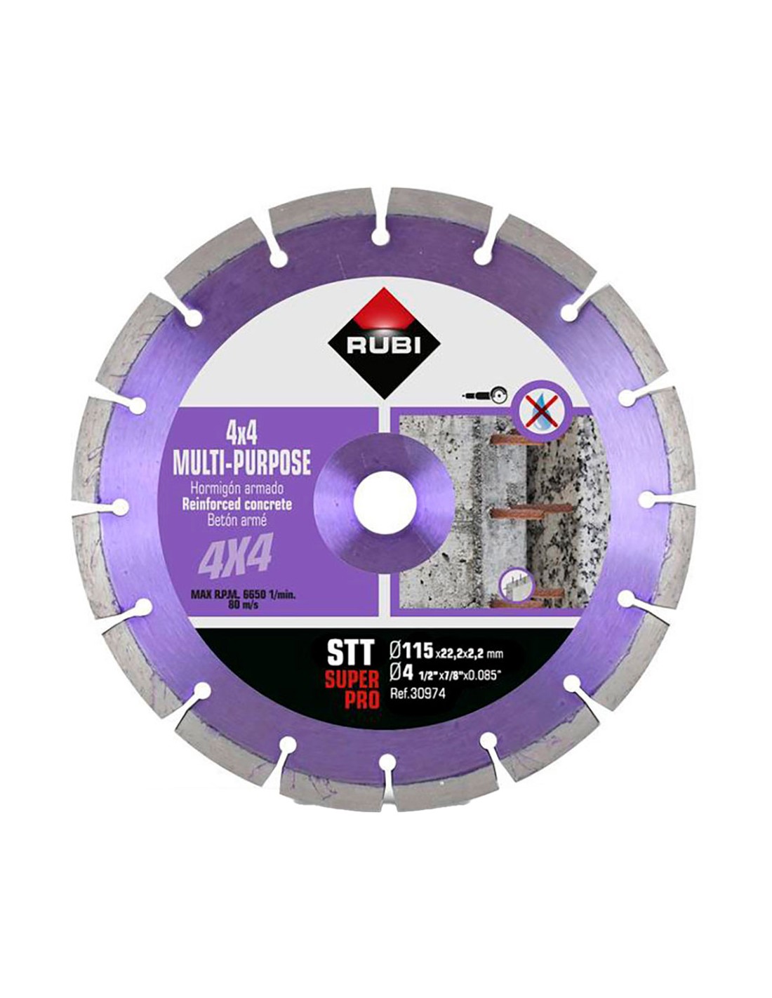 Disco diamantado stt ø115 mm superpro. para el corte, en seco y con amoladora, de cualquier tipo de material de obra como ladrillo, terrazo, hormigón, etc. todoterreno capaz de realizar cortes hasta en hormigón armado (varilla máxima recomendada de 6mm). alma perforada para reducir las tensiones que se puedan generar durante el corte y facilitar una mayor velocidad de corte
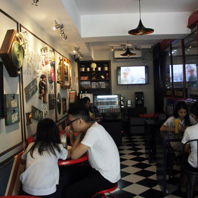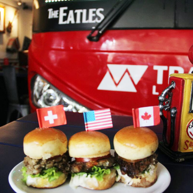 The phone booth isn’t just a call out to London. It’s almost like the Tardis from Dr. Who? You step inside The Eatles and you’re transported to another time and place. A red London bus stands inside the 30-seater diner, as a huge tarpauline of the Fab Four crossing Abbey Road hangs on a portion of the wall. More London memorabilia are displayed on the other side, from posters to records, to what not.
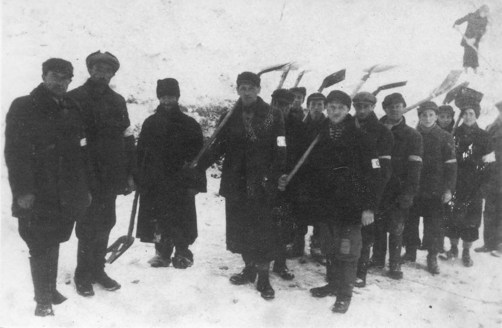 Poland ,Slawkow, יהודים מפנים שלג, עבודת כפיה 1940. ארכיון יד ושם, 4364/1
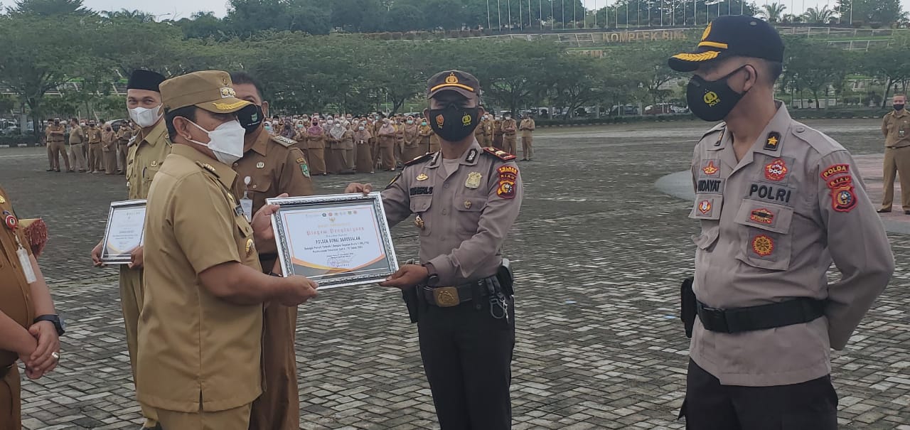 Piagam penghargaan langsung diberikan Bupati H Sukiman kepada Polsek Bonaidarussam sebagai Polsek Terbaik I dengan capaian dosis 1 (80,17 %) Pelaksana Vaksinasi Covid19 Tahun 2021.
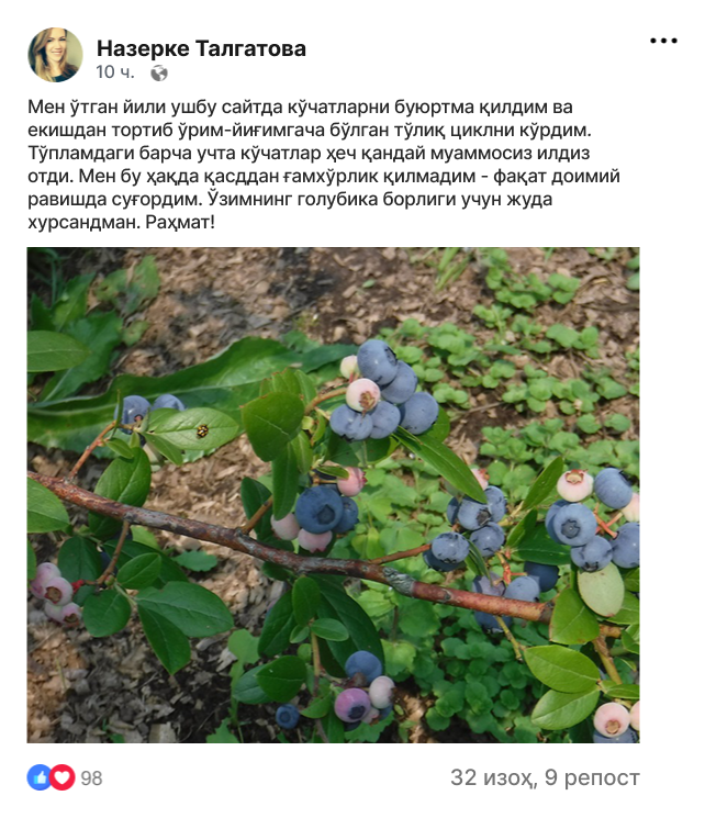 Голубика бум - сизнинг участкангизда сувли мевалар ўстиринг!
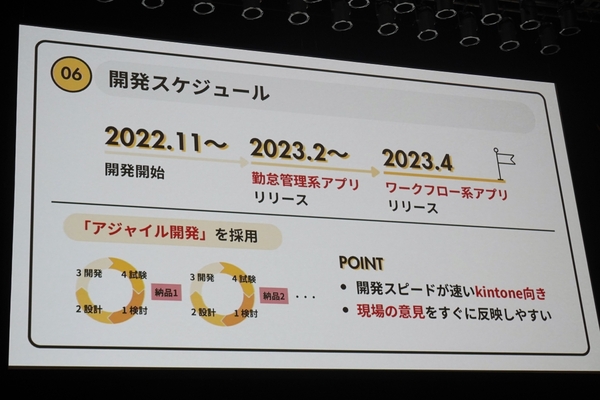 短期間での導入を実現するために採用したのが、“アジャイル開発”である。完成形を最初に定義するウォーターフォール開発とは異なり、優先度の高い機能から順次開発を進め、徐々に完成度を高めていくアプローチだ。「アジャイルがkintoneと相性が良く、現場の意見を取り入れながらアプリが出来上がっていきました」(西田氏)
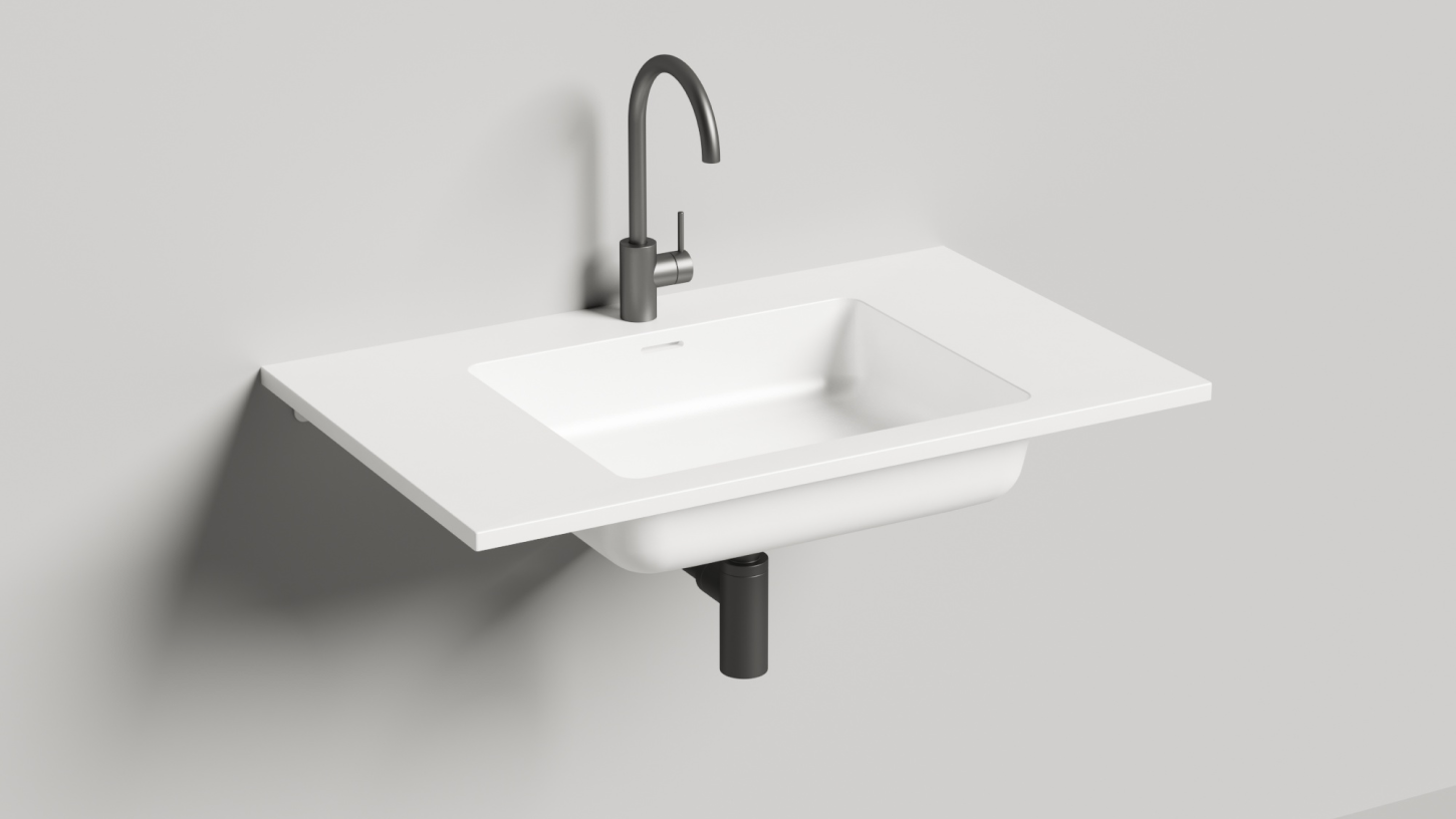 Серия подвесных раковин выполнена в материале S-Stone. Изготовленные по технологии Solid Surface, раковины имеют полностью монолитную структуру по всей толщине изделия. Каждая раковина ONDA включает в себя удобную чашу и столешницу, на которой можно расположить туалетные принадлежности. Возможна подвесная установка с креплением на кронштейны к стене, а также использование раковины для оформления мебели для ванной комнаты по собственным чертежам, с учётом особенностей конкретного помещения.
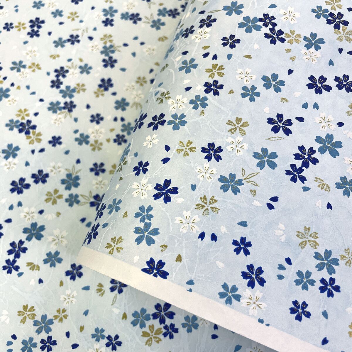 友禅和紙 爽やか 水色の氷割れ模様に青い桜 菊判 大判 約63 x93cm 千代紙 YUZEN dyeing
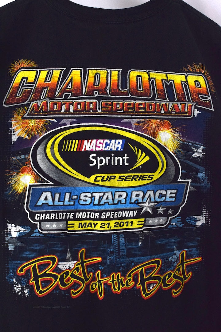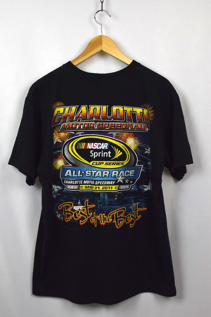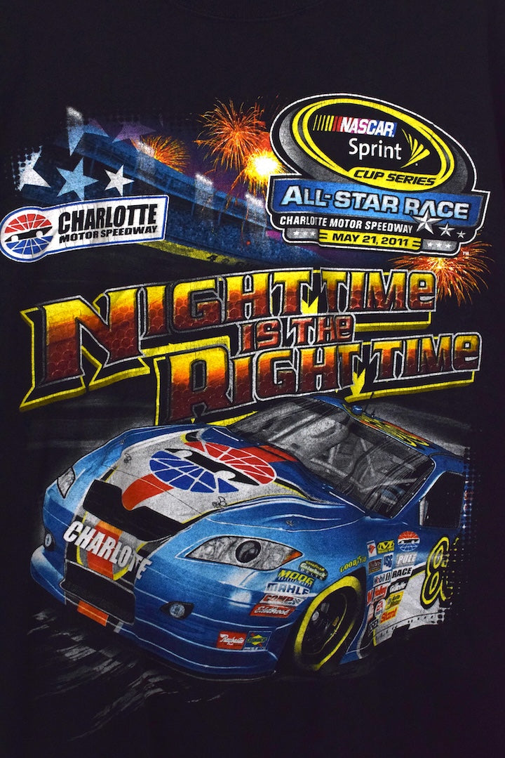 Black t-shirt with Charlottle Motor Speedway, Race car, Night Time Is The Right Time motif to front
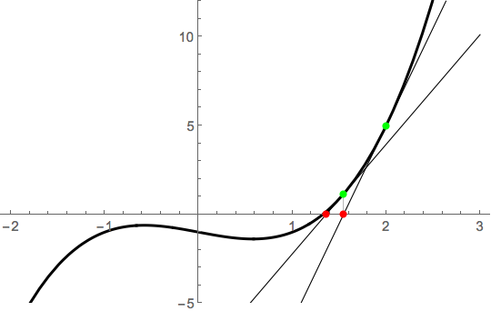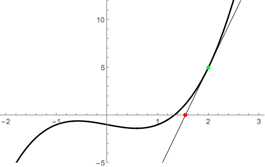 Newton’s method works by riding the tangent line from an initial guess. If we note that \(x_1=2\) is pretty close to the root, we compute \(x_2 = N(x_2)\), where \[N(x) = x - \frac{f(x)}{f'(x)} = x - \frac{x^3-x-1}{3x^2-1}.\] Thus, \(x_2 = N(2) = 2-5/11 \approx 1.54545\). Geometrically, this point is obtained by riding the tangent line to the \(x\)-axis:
---+---
» Work required: When you copy the records above, keep every word exact and drop the pictures.

» Response to the exercise:
 Disco diamantado stt ø115 mm superpro. para el corte, en seco y con amoladora, de cualquier tipo de material de obra como ladrillo, terrazo, hormigón, etc. todoterreno capaz de realizar cortes hasta en hormigón armado (varilla máxima recomendada de 6mm). alma perforada para reducir las tensiones que se puedan generar durante el corte y facilitar una mayor velocidad de corte
 The phone booth isn’t just a call out to London. It’s almost like the Tardis from Dr. Who? You step inside The Eatles and you’re transported to another time and place. A red London bus stands inside the 30-seater diner, as a huge tarpauline of the Fab Four crossing Abbey Road hangs on a portion of the wall. More London memorabilia are displayed on the other side, from posters to records, to what not.
 Poland ,Slawkow, יהודים מפנים שלג, עבודת כפיה 1940. ארכיון יד ושם, 4364/1
 Piagam penghargaan langsung diberikan Bupati H Sukiman kepada Polsek Bonaidarussam sebagai Polsek Terbaik I dengan capaian dosis 1 (80,17 %) Pelaksana Vaksinasi Covid19 Tahun 2021.
 Голубика бум - сизнинг участкангизда сувли мевалар ўстиринг!
 短期間での導入を実現するために採用したのが、“アジャイル開発”である。完成形を最初に定義するウォーターフォール開発とは異なり、優先度の高い機能から順次開発を進め、徐々に完成度を高めていくアプローチだ。「アジャイルがkintoneと相性が良く、現場の意見を取り入れながらアプリが出来上がっていきました」(西田氏)
 Серия подвесных раковин выполнена в материале S-Stone. Изготовленные по технологии Solid Surface, раковины имеют полностью монолитную структуру по всей толщине изделия. Каждая раковина ONDA включает в себя удобную чашу и столешницу, на которой можно расположить туалетные принадлежности. Возможна подвесная установка с креплением на кронштейны к стене, а также использование раковины для оформления мебели для ванной комнаты по собственным чертежам, с учётом особенностей конкретного помещения.
 友禅和紙 爽やか 水色の氷割れ模様に青い桜 菊判 大判 約63 x93cm 千代紙 YUZEN dyeing
 Black t-shirt with Charlottle Motor Speedway, Race car, Night Time Is The Right Time motif to front
 Newton’s method works by riding the tangent line from an initial guess. If we note that \(x_1=2\) is pretty close to the root, we compute \(x_2 = N(x_2)\), where \[N(x) = x - \frac{f(x)}{f'(x)} = x - \frac{x^3-x-1}{3x^2-1}.\] Thus, \(x_2 = N(2) = 2-5/11 \approx 1.54545\). Geometrically, this point is obtained by riding the tangent line to the \(x\)-axis:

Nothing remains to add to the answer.